Но успех миссии зависит от того, кто окажется политическим носителем либерализма. Либеральной партии в чистом виде в России нет и не предвидится. Но либерализм призван дать основные, определяющие системы политических и общественных инструментов в руки власти v это задача реальная. Но тогда она решается каким-то другим путем v не завоеванием большинства в парламенте. А путем, по всей видимости, присоединения либерального политического взгляда общественному политическому носителю.

И в связи с этим хочу сказать следующее.
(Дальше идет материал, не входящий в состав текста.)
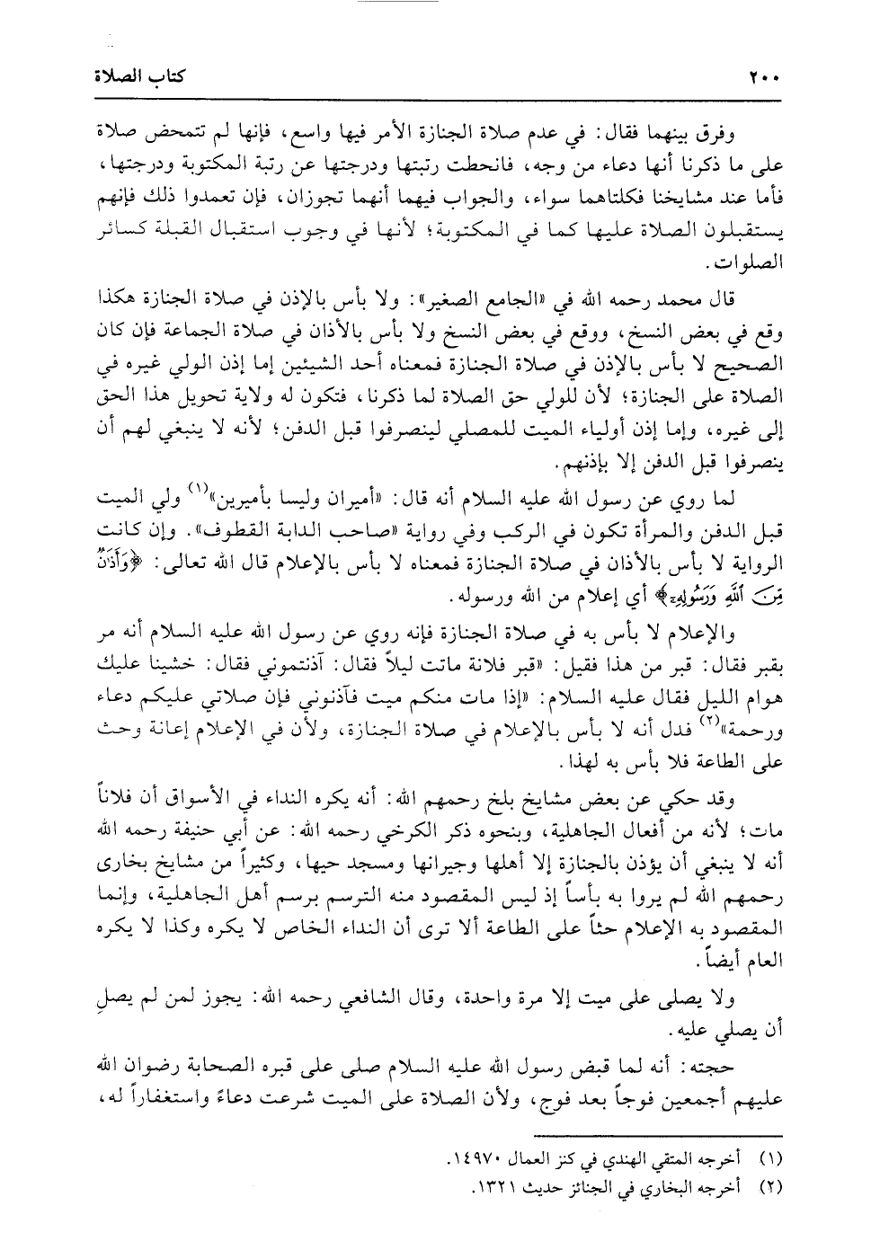 والإعلام لا بأس به في صلاة الجنازة فإنه روي عن رسول الله عليه السلام أنه مر بقبر فقال: قبر من هذا فقيل: «قبر فلانة ماتت ليلاً فقال: آذنتموني فقال: خشينا عليك هوام الليل فقال عليه السلام: «إذا مات منكم ميت فآذنوني فإن صلاتي عليكم دعاء ورحمة» فدل أنه لا بأس بالإعلام في صلاة الجنازة، ولأن في الإعلام إعانة وحث على الطاعة فلا بأس به لهذا.

Вы издали прекрасные книжки, они будут интересны и нам, и широкому кругу читателей. Но существует еще такая группа литературы, которая, я думаю, может привлечь внимание гораздо более широкого круга лиц. Это литература о людях и созданная самими людьми, которые знали и знают, как это делается v как проводится либеральная политика. Это книги Эрхарда, Маргарет Тэтчер и других. Издание книг о том, как это происходило в других странах, со всех точек зрения были бы весьма существенно и более, чем правильно.



Рустем Нуреев.


Насчет демократии и насчет либерализма. Как-то Аристотель, который создавал теорию демократии, заметил, что наихудшая форма правления v демократия. Да, в его классификации демократия v самая худшая форма правления. И на самом деле, сейчас произошло довольно быстрое извращение демократического идеала. В восьмом номере «Вопросов экономики» я публикую цикл лекций по теории общественного выбора. Чем занимается эта теория? Вопросами о том, как манипулируют голосами, почему людям демократия абсолютно не нужна и т.п. Если Вы спросите в Новосибирской деревне, на какое место они поставят демократические права, то окажется, что это будет одно из самых последних мест v 1-2% по сравнению с тем, регулярно они получают заработную плату или нет, завезли продукты в местный магазин или нет и так далее. Дальше. Теория общественного выбора изучает также экономику и бюрократию. Как рождается административный ресурс? Ограничения политической конкуренции приводят к ограничению экономической конкуренции. Это политический и деловой цикл. Как за три месяца до избрания Ельцина повышается пенсия, а после начинается инфляция и так далее. То есть, демократия по форме получилась, но произошло извращение демократического идеала. И сама демократия это предполагает, как писал Хайек.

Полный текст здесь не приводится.